For affected males, the clinical onset is between 5 and 20 years of age. The initial symptoms include difficulty running and frequently sprained ankles, progressing to involve the gastrocnemius and soleus muscles to the point where assistive devices are required for ambulation. Weakness, atrophy, and sensory loss also develop in the hands, particularly in thenar muscles. These clinical manifestations are the result of a chronic, length-dependent axonal loss, and are nearly indistinguishable from those seen in patients with CMT1A or CMT1B. However, muscle atrophy, particularly of intrinsic hand muscles, positive sensory phenomena, and sensory loss may be more prominent in CMT1X patients. Forearm median or ulnar motor velocities are typicall in the range of 30-40 m/s ( “intermediate”); sensory responses are typically absent except in young children.

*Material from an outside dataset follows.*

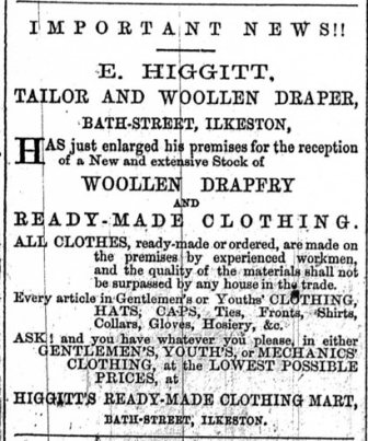 Advert (right) from the Ilkeston Pioneer of November 1860.
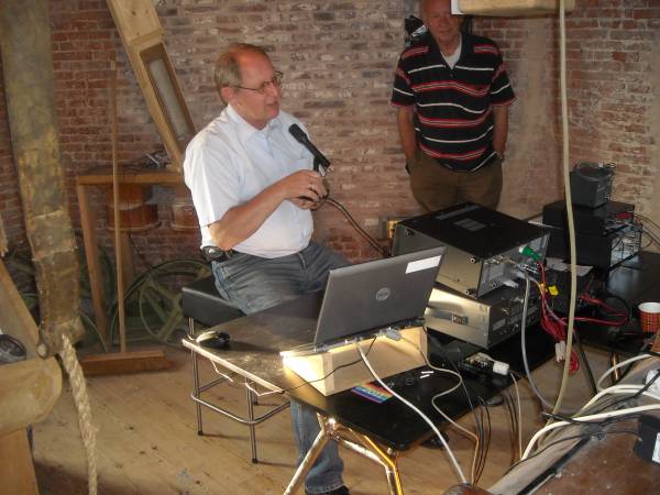 Op de open dag die Molen “de Valk” en zendamateurvereniging Veron organiseerden zaterdag 1 oktober werd hard gewerkt door de molenaars en de zendamateurs. De molenaar sjouwde de zakken meel naar beneden, om daar te gaan zeven en wegen, want stof is een vijand van de gevoelige apparatuur.

Affected women usually have a later onset than men, after the end of second decade, and a milder version of the same phenotype at every age, because only a fraction of their myelinating Schwann cells express the mutant GJB1 allele owing to the randomness of X-inactivation. Women may even be asymptomatic, and a few kindreds have been reported to have “recessive” CMT1X. Even in these kindreds, however, at least some obligate carriers have electrophysiological evidence of peripheral neuropathy.
Many GJB1 mutations appear to be associated with electrophysiological, clinical, and/or MRI findings of CNS involvement. Subclinical involvement is common: many patients have delayed brainstem auditory evoked responses (BAER), and central visual and motor pathways may also be affected. Because these electrophysiological findings have not been found in patients with a deleted GJB1 gene, they may represent a gain of function. Clinical manifestations (spasticity, extensor plantar responses, and hyperactive reflexes) have been reported in patients with the some mutations; the degree of these findings may be masked by the peripheral neuropathy. More striking CNS findings have been reported in individual patients with duplication of amino acids 55-61 (cerebellar ataxia and dysarthria) or the Val63Ile mutation (mental retardation), but the relationship of these abnormalities to GJB1 mutations is unproven. Acute, transient encephalopathy associated with MRI changes suggesting CNS myelin dysfunction have been described; the acute deficits appear to have been triggered by travel to high altitudes, fever, or stenous physical activity (Taylor et al., 2003).